The Lloyds TSB Foundation for Scotland is suspending its grant-making activities for the foreseeable future following the announcement that Lloyds Banking Group, which funds the foundation with a share of profits, will make no money this year.

This will effectively wipe out the foundation’s income for the next few years and put hundreds of charities and their services at risk.

The foundation will honour existing funding agreements, including multi-year awards, and will make final awards in December as planned.

Mary E Craig, chief executive of the foundation, said, “Scotland’s charities will lose out on at least £6m a year. We know that for some, this means not just putting the services they offer under threat but their future viability too.”

Negotiations over funding between Lloyds Banking Group and the Lloyds TSB Foundation for Scotland have so far failed. The banking group has offered the foundation almost £25m in funding over the next four years but would also permanently reduce their share of profits by half. As part of the deal the group would also gain greater control over where grants are made, and would be able to appoint its employees to the foundation’s board.

Craig said, “Our legal and financial advisors have informed us that what has been offered is not in the best interests of the foundation and that trustees should therefore not agree to this.”

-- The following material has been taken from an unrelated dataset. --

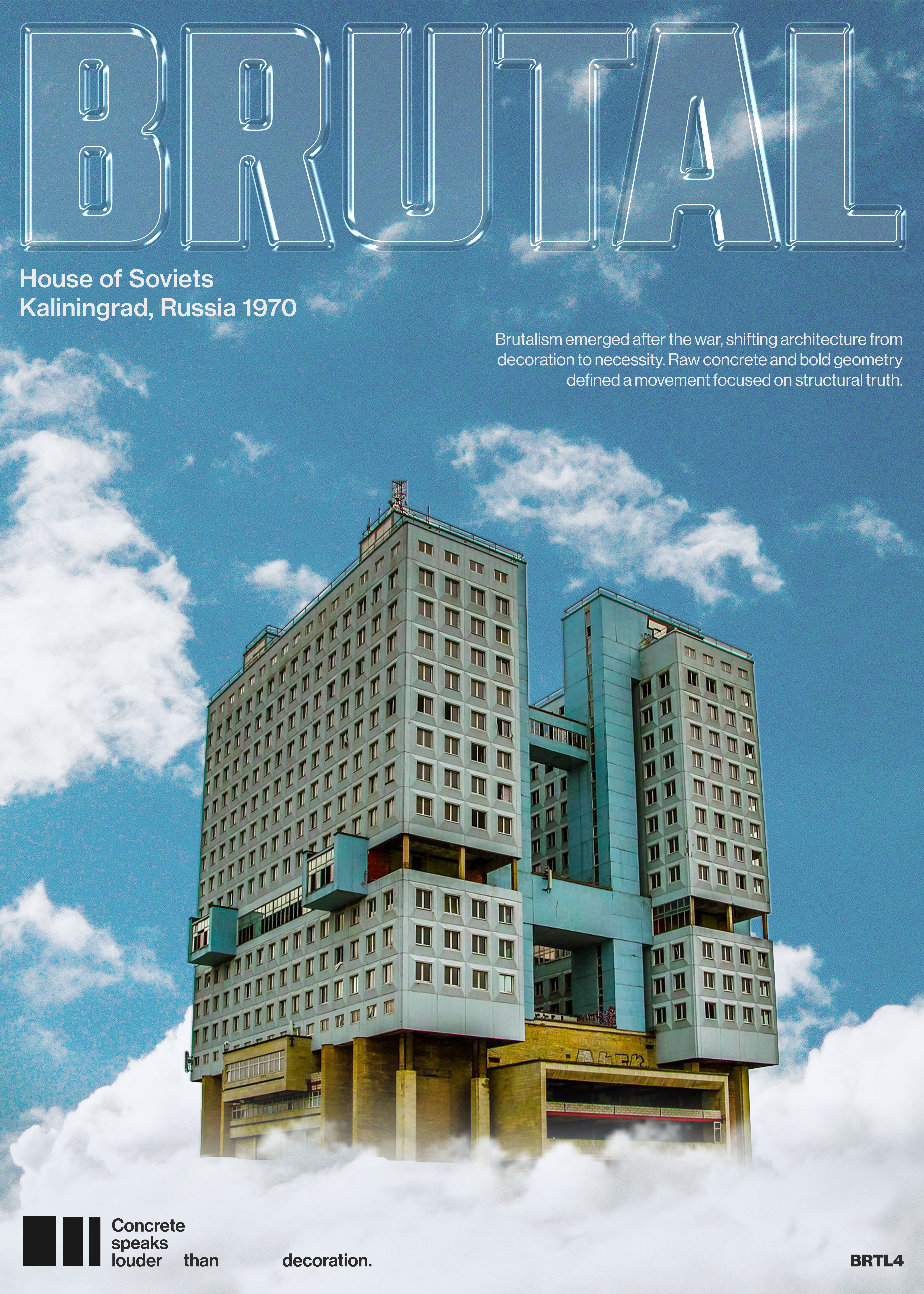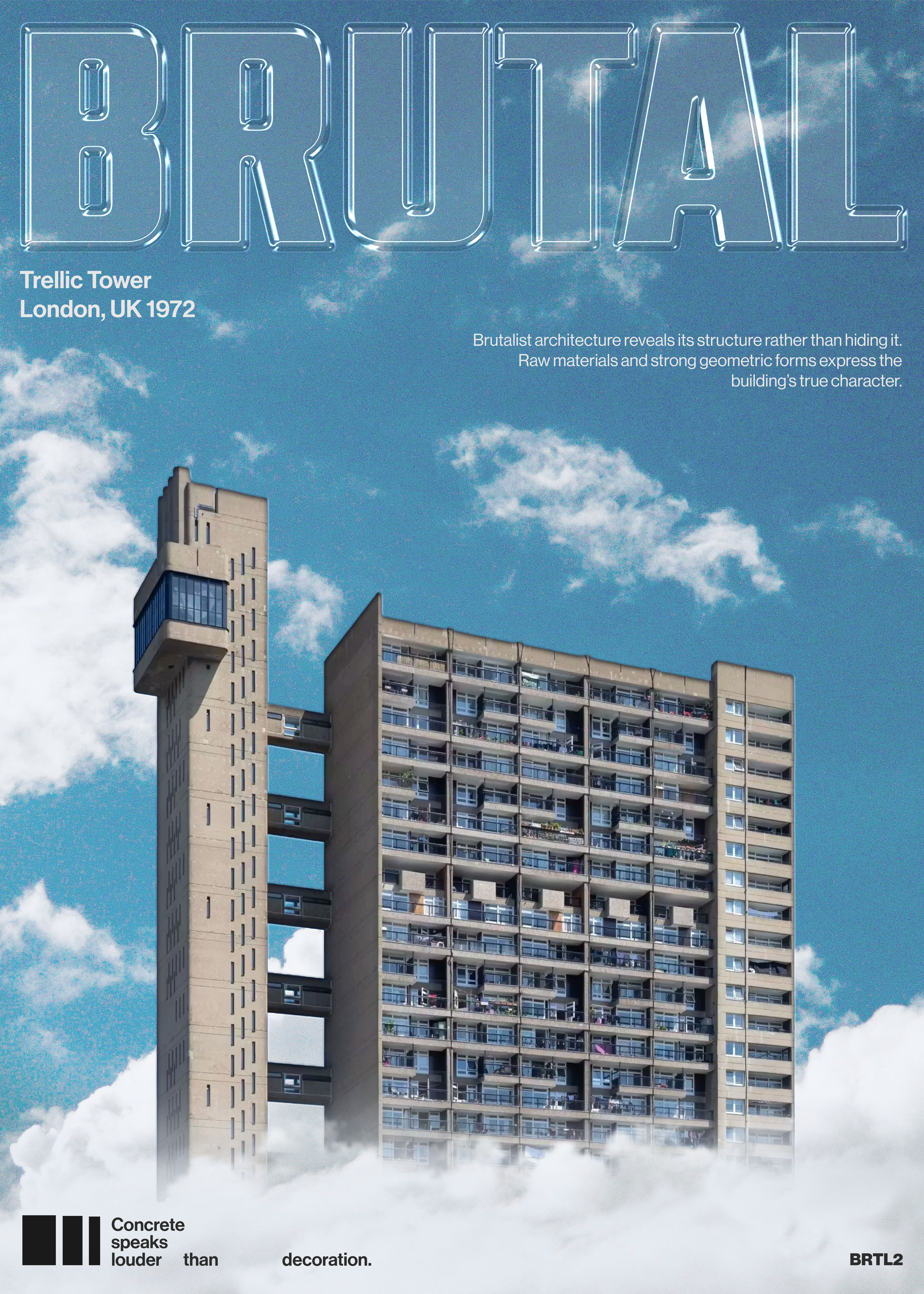 My interest in Brutalist architecture led me to create a series of posters explaining what Brutalist architecture is. In this series, I translated the raw, bold, and structural characteristics of Brutalist architecture into a graphic visual language.

Lloyds TSB Foundation for Scotland is one of four foundations in the UK that receives a share of 1% of the Lloyds Banking Group’s pre-tax profits each year. The other three, England and Wales, Northern Ireland, and the Channel Islands foundations, are still in talks with the bank over the deal.
 
A statement from Lloyds Banking Group said it has sought to involve Lloyds TSB Foundation for Scotland in the discussion it is having with the other foundations: “Our intention is to agree with all four foundations, a mutually satisfactory accommodation which is realistic, fair and durable.”

The bank said the current negotiations are about agreeing a proposal that leaves the foundations' independent status “very much in place”.

Lucy McTernan, deputy chief executive of the charity membership body the Scottish Council for Voluntary Organisations, refutes this. She says, “The Lloyds Banking Group’s move to curtail this important independent foundation is wholly unacceptable, not least as it is now a bank which is almost half owned by the taxpayer.”

Since 1997, the Group has given over £390m to the four Lloyds TSB Foundations, including £75m to the Lloyds TSB Foundation for Scotland.

Lloyds TSB Foundation for Scotland has given over 12,000 grants to charities totalling almost £85m, since it was established in 1985.